The Pandora’s Box of nationalism unleashed during Ukraine’s EuroMaidan now seems to be moving west and infecting Poland. Virulent nationalism is taking hold of thousands of Poles and creating a long-term problem for the country and its neighbors.
Right-Wing Hate In The Streets
Thousands of Poles turned out Tuesday night to commemorate Poland’s rebirth after World War I, but the celebrations quickly turned violent as flares were thrown, benches and pavement slabs hurled, and nationalist slogans filled the air.
It took the police hours to quell the commotion, eventually having to resort to water cannons and riot control squads to break up the pandemonium, arresting over 200 people in the process.
Tuesday’s riots weren’t the first time Polish nationalists created chaos in Warsaw. The violence during last year’s Independence Day march created an international scandal, as enraged mobs marched on and attacked the Russian Embassy. They threw fireworks and bottles at it, set a guard’s station on fire, and tried to scale the security fence to attack and possibly occupy the building.
They were beaten back by riot police using rubber bullets and tear gas and over 70 people were arrested. Russia later demanded and received an official apology for the disgraceful acts. Up until that point, only the Libyan Embassy had been attacked in recent years.
Russophobia had been on the rise in Poland for the past couple years already, and Polish nationalists attacked Russian football fans during Euro 2012 in Warsaw.
The Maidan Migration
The past couple years’ warlike scenes in Warsaw were a harbinger of things to come in neighboring Ukraine in November 2013, when the Maidan marauders utterly devastated Kiev and eventually forced a coup against the democratically elected president a few months later.

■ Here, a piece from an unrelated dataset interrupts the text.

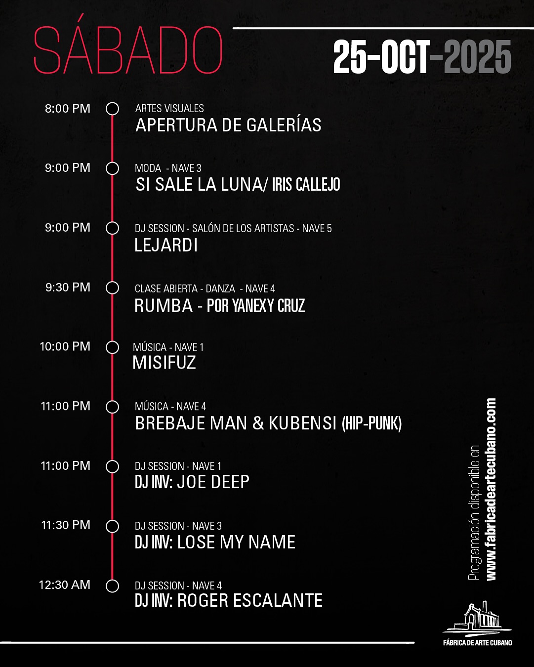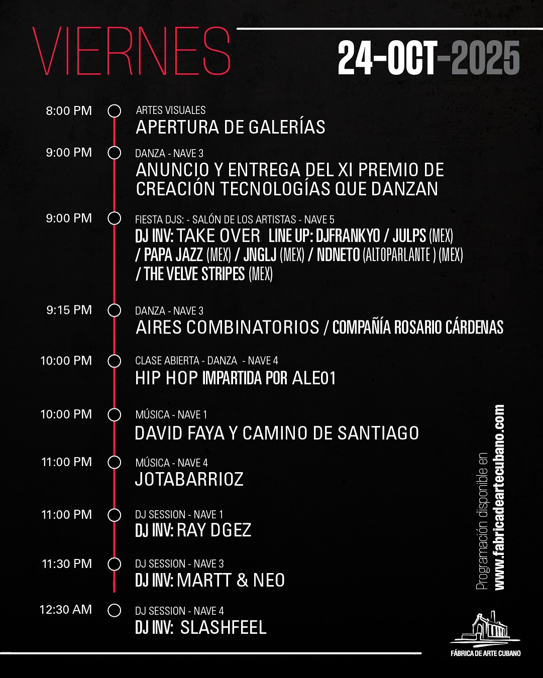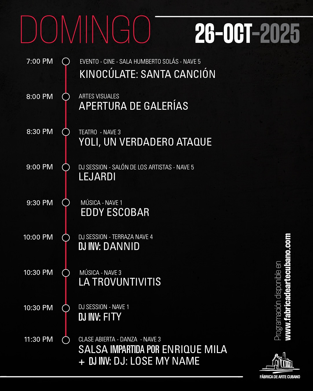 Ya por último, te dejamos la programación de la Fábrica de Arte Cubano para estos tres días. Ahora te toca elegir tu plan y disfrutar de lo mejor del arte y la cultura cubana. Síguenos cada día en nuestra página de Facebook para que no pierdas la Ruta.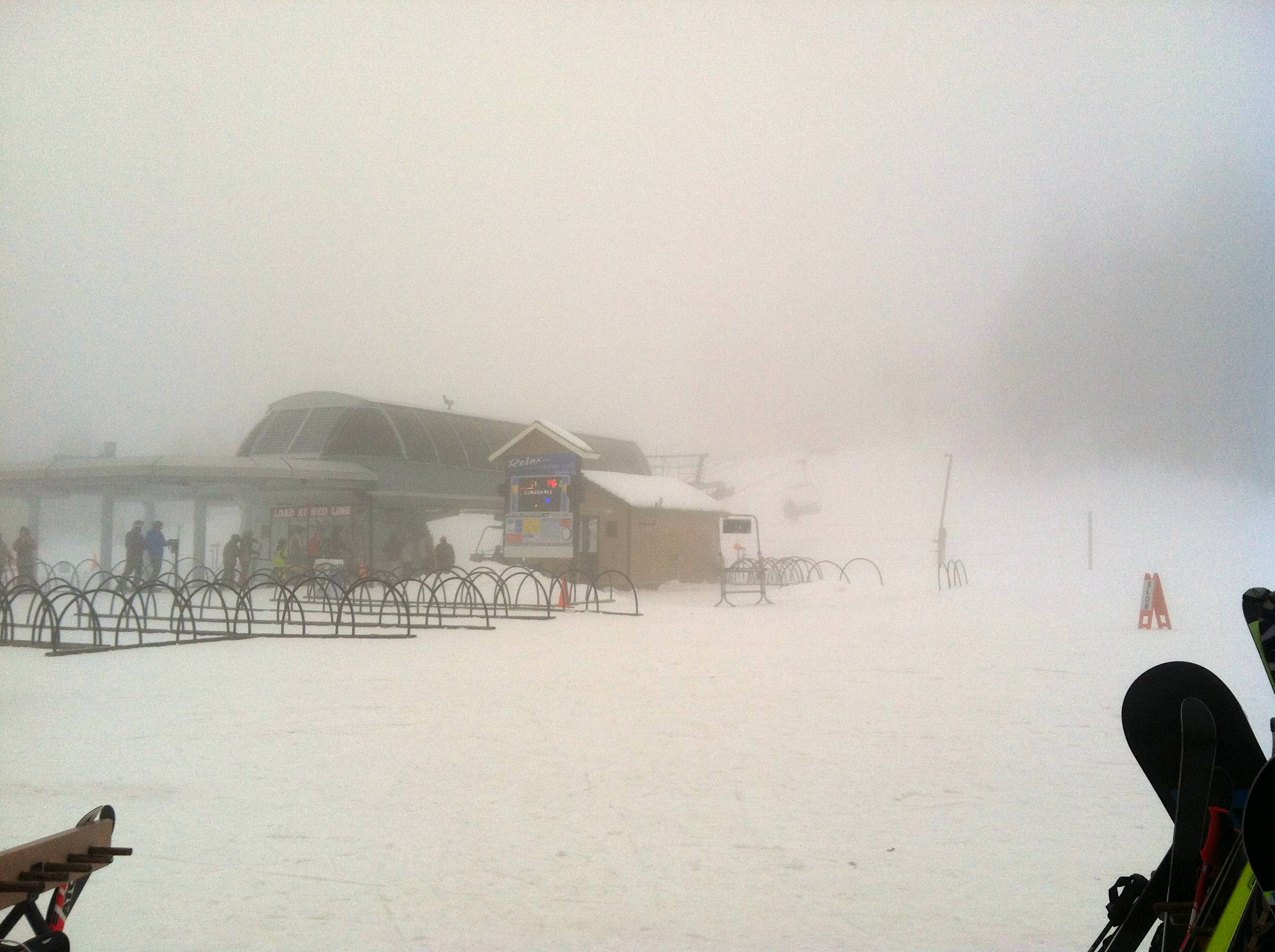 In the southern stretches of Vermont, first on our trip, Okemo welcomed us with open arms. We arrive at the mountain, among the first in line. The air is clear and the parking lot is still half empty. About three flights of stairs above the parking lot sits the base lodge lift, barely visible from the stairs of the base lodge itself. Overcast? More like under siege.

The rabid nationalists resorted to such tactics as throwing explosive devices at police officers, crafting homemade assault weapons, and occupying government buildings.
Many of them were also loyal followers of World War II radical nationalist and Nazi collaborator Stepan Bandera, whose affiliated forces massacred over 100,000 Polish civilians in Volhynia and Eastern Galicia from 1943-1944.
This Ukrainian nationalist hate now appears to have emboldened its Polish counterparts and migrated west. Instead of learning from the violence they unleashed during last year’s riots, they were set to repeat it yesterday, possibly in reaction to the events of the Bandera radicals during EuroMaidan and afterwards. These Polish right-wingers idealize the time of the Second Polish Republic which existed between the two world wars.
Just like their Ukrainian counterparts, they also blindly blame Russia and the Soviet Union for all of their historical misfortunes, neglecting to take ownership for their own political shortcomings that led to certain tragic events. Last week, Russian President Putin, addressing Polish historical revisionism, said that “They accuse Soviet Union of dividing Poland. Well, what did Poland do when the Germans entered Czechoslovakia? It took part of Czechoslovakia. That’s what it did. And then they got a hockey puck in their own goal.”
Prodded On By Politicians
EuroMaidan also unleashed nationalism in the Polish political class, whose actions encouraged Tuesday’s rioters. Former Polish Foreign Minister Radoslaw Sikorski was one of the architects of the EU’s Eastern Partnership that forced Ukraine to make the tragic civilizational choice that eventually led to its Civil War. He showed his sway over EuroMaidan when he ordered its leaders to accept the February 21st so-called ‘peace deal’ or “you'll have martial law, you'll have the army and you will all be dead”. A day after it was signed, he then reneged his responsibilities to uphold the agreement and pledged his backing for the coup that overthrew the president.
Poland’s determination to keep interfering in Ukraine’s domestic politics likely comes from its imperial history of controlling half the country nearly 300 years ago. This policy is still active in the halls of power, with current Foreign Minister Grzegorz Schetyna insisting that “Talking about Ukraine without Poland is equivalent to talking about the issues of Libya, Algiers, Tunisia and Morocco without Italy, France or Spain.” Clearly, the Polish government believes that Ukraine is its former colony and that it reserves some kind of right to decide matters for it. With Warsaw actively promoting such neo-colonial thought, it’s not hard to see why radical Polish nationalism is spreading like wildfire.